WORK INSTRUCTIONS:
Once you find the line with "Advanced Aerodynamics |" in the data below, transcribe exactly each line from there to the line with "- 36 Лента жаккард", inclusive, and nothing else. Drop the pictures.

DATA PROVIDED:
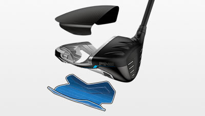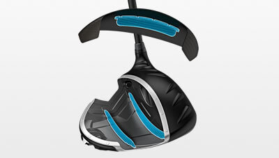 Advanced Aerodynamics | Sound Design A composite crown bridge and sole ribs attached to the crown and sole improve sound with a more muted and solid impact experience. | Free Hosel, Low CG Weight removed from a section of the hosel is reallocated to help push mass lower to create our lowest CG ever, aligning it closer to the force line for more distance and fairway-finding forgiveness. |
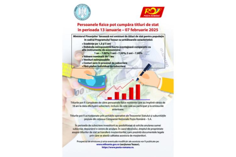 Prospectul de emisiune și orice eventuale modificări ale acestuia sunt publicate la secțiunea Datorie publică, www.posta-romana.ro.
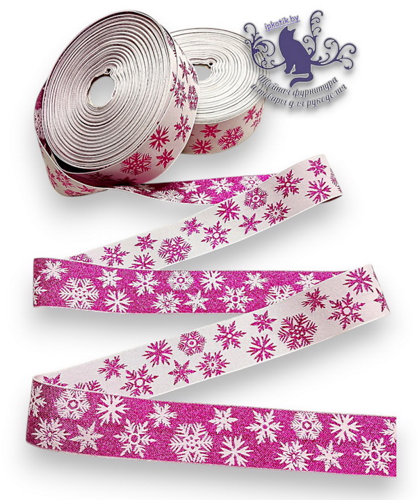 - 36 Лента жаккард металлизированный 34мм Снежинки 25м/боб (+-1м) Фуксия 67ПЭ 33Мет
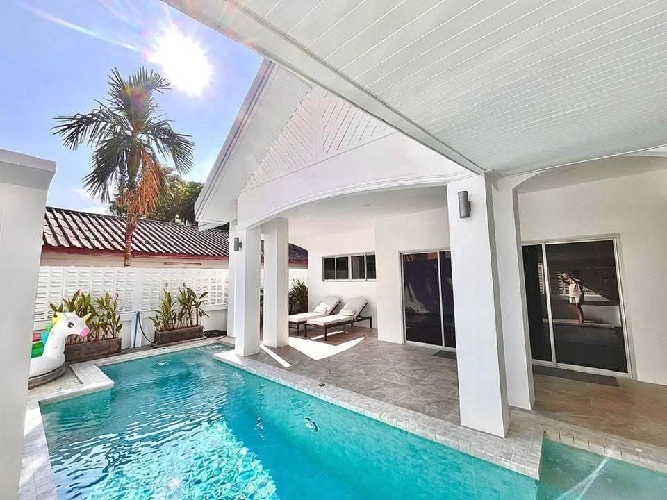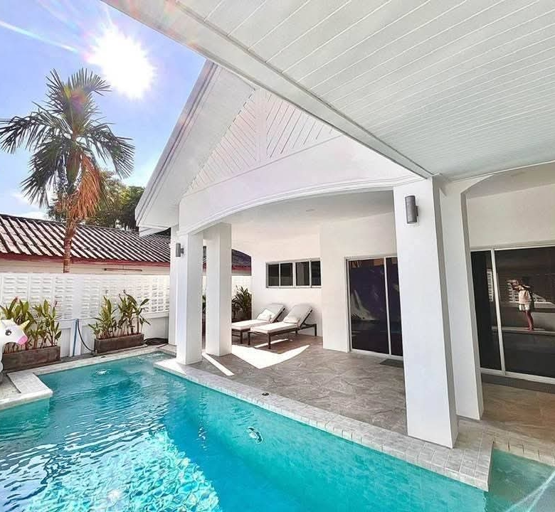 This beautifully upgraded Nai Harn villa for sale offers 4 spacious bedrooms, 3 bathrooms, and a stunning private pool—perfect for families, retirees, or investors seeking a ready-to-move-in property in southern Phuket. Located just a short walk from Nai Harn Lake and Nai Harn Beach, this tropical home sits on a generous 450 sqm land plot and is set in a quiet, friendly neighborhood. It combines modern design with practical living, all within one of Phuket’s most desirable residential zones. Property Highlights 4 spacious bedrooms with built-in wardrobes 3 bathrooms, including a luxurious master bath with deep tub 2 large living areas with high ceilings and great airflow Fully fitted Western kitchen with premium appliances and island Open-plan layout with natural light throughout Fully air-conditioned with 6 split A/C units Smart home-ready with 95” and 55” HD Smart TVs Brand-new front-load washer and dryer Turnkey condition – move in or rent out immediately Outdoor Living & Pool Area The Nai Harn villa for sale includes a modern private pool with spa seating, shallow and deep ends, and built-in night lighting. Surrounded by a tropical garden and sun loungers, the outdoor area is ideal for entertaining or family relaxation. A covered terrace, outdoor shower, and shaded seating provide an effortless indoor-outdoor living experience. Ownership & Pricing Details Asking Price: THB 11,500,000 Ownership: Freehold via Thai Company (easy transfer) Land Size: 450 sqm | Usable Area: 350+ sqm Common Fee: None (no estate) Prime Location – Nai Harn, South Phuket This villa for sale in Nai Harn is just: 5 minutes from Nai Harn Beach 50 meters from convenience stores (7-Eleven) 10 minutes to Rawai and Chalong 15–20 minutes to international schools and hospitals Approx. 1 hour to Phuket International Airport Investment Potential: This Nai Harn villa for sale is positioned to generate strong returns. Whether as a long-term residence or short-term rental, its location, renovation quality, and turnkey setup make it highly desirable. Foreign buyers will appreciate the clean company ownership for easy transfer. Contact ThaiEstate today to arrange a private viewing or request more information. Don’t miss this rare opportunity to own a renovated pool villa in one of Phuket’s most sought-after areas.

* * *

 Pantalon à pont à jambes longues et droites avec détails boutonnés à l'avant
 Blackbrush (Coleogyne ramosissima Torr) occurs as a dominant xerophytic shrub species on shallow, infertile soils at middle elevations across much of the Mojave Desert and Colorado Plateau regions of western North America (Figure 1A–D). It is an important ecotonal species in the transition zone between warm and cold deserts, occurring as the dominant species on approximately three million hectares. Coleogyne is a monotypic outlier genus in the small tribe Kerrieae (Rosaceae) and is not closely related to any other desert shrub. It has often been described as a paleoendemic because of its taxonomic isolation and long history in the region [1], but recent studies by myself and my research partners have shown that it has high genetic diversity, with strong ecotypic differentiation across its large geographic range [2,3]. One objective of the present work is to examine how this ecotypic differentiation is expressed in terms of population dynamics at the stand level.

...

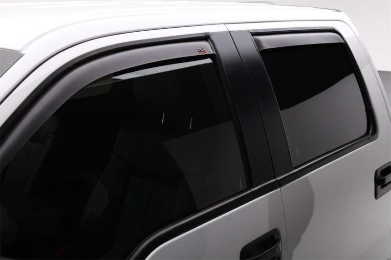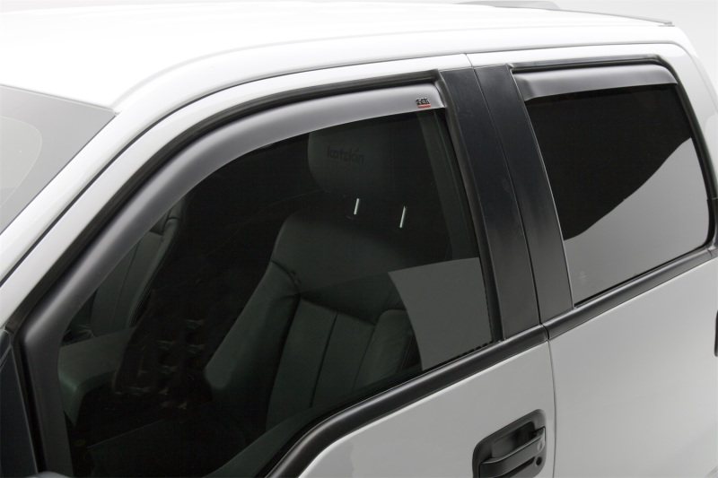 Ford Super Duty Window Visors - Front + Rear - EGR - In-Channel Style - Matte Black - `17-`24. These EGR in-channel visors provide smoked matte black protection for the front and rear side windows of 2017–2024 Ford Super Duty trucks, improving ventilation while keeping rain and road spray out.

WRITTEN REPLY:
 Advanced Aerodynamics | Sound Design A composite crown bridge and sole ribs attached to the crown and sole improve sound with a more muted and solid impact experience. | Free Hosel, Low CG Weight removed from a section of the hosel is reallocated to help push mass lower to create our lowest CG ever, aligning it closer to the force line for more distance and fairway-finding forgiveness. |
 Prospectul de emisiune și orice eventuale modificări ale acestuia sunt publicate la secțiunea Datorie publică, www.posta-romana.ro.
 - 36 Лента жаккард металлизированный 34мм Снежинки 25м/боб (+-1м) Фуксия 67ПЭ 33Мет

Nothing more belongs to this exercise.